See what I mean about loving it? Market this however you want it—granola bar, granola krispie bar—just make it!
Oh, and look, I stayed true to the recipe—no messing around. I didn’t tweak a thing. I did have to use two types of coconut since I was out of sweetened coconut flakes (unsweetened coconut chips and fine coconut crumb – the later being the type you use for macarons). My point in sharing this is so you can see the recipe is highly adaptable, so get creative—I know I will next time.
I’m thinking: dried fruits, caramel bits, and different types of granola. My mind is gonna go crazy with mixing and matching for the next batch.
To get started, click here for the recipe. For a few notes keep reading:
- I bypassed the foil sling for parchment, to avoid having to butter the foil. And as you can see, I also used binder clips on each side to hold the parchment in place—not necessary, unless you are a control freak like me.
- For the “crispy flake and crunchy oat cluster cereal” I used a French vanilla granola mix you buy in the bulk bins at health food stores.
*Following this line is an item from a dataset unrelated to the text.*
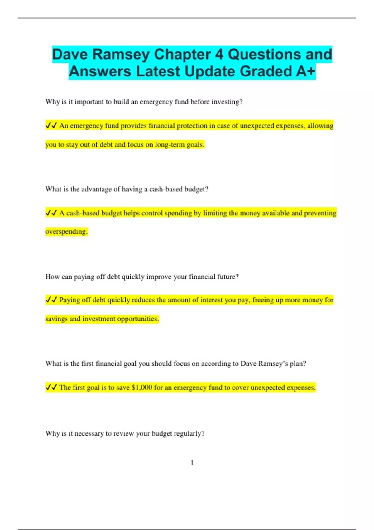 Dave Ramsey Chapter 4 Questions and Answers Latest Update Graded A+ Why is it important to build an emergency fund before investing? An emergency fund provides financial protection in case of unexpected expenses, allowing you to stay out of debt and focus on long-term goals. What is the advantage of having a cash-based budget? A cash-based budget helps control spending by limiting the money available and preventing overspending. How can paying off debt quickly improve your financial future? Paying off debt quickly reduces the amount of interest you pay, freeing up more money for savings and investment opportunities. What is the first financial goal you should focus on according to Dave Ramsey’s plan? The first goal is to save $1,000 for an emergency fund to cover unexpected expenses. Why is it necessary to review your budget regularly? 2 Reviewing your budget regularly helps you stay on track, adjust for changes in income or expenses, and ensure you meet your financial goals. How does focusing on paying off debt help with achieving financial freedom? Paying off debt removes financial obligations, allowing you to direct more of your money toward building wealth and savings. Why should you create a written financial plan? A written financial plan provides clarity, direction, and helps you stay disciplined in managing your finances. What is the benefit of living on less than you make? Living on less than you make allows you to save, avoid debt, and invest for the future, ensuring long-term financial stability. Why is it important to have a plan for large, predictable expenses like holidays or vacations? Having a plan ensures that you save in advance for these expenses, preventing you from using credit or going into debt. 3 How does cutting back on discretionary spending help with paying off debt? Cutting back on discretionary spending frees up more money that can be directed toward paying off debt, speeding up the process. What does it mean to “live like no one else now so later you can live like no one else”? It means making sacrifices and prioritizing savings and debt elimination now, so you can enjoy financial freedom and success later. What should you do with your emergency fund once it’s fully funded? Once your emergency fund is fully funded, you can focus on paying off all your debt and then saving for other goals, like retirement or a home. Why is it essential to build wealth over time rather than
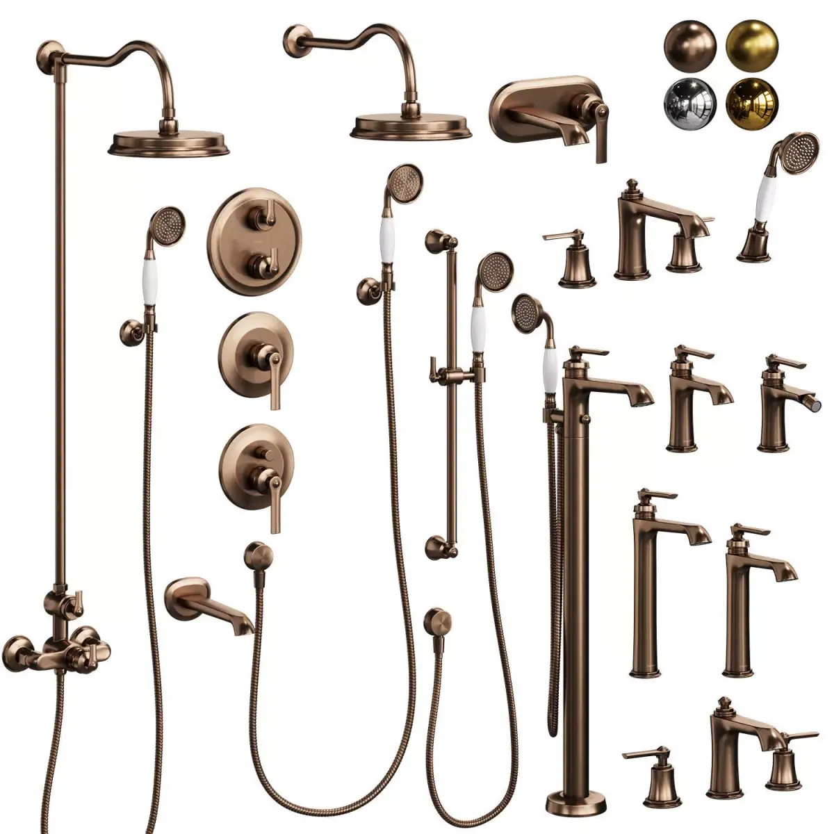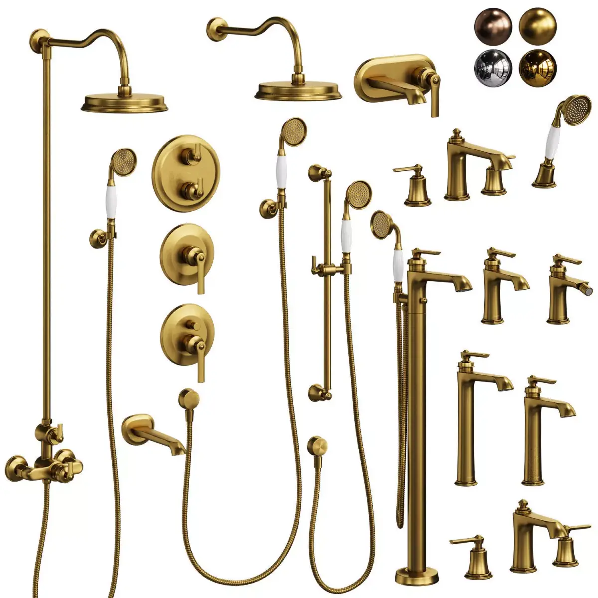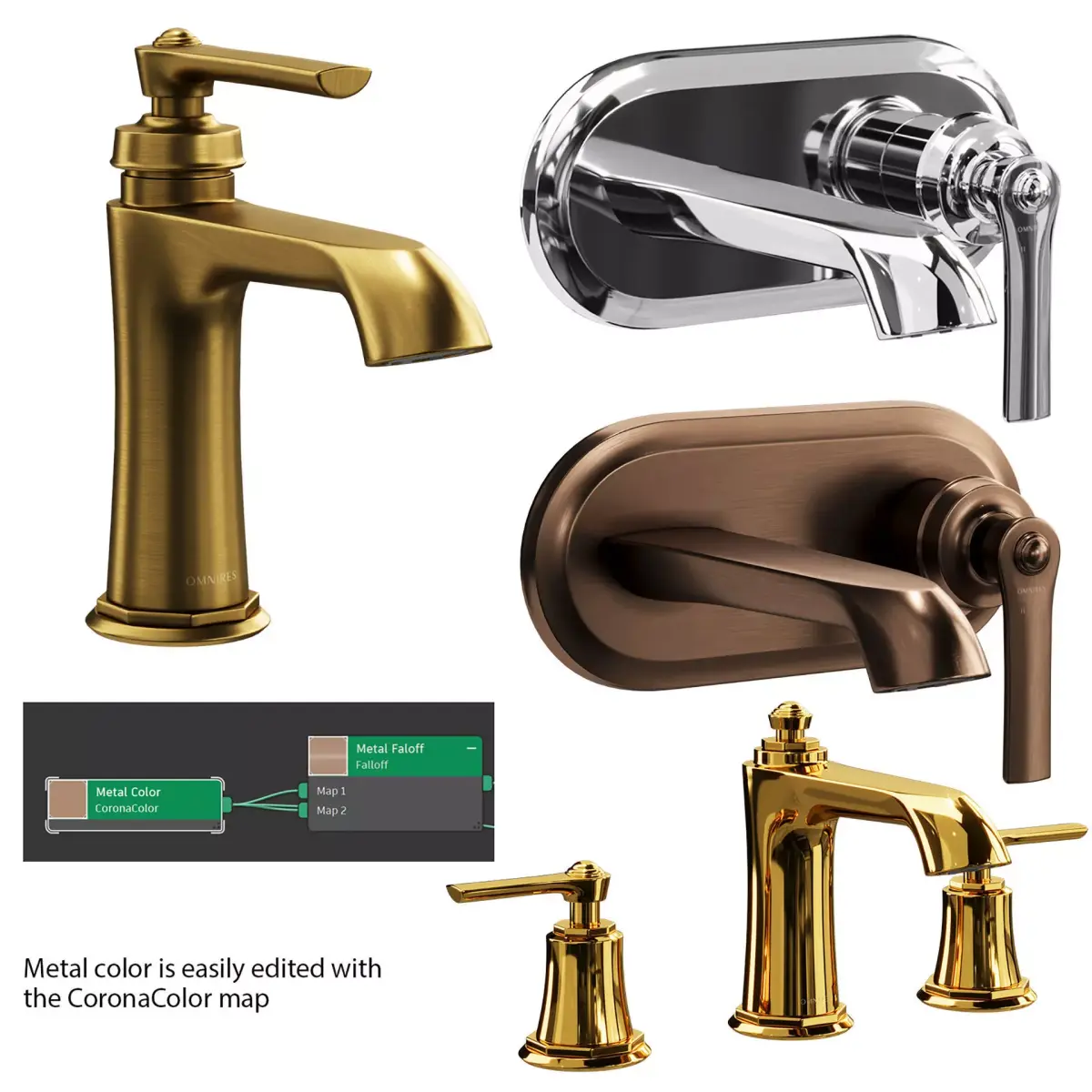3ds Max faucets are available in 4 colors: gold brushed matt, chrome, bronze, gold gloss. If necessary, the metal color can be easily edited by changing the color of the Color Node.Blender and Cinema 4d available in chrome color without labels, the color of the faucets is also easy to change.

- I bypassed the coconut extract (I didn’t have any on hand).
- I went out of order with the instructions and just mixed the chocolate chips in with the all the other dry ingredients, rather than waiting until the end when the mixture cooled since that would require a little more elbow grease. Keep in mind if you do the same the chocolate chips will melt some—I didn’t mind though.
- I also finished with an extra 2 tablespoons of coconut crumb on top for an added kick in flavor.
- To get a nice flat and even top, I used a fondant smoother to push the bars to an even finish.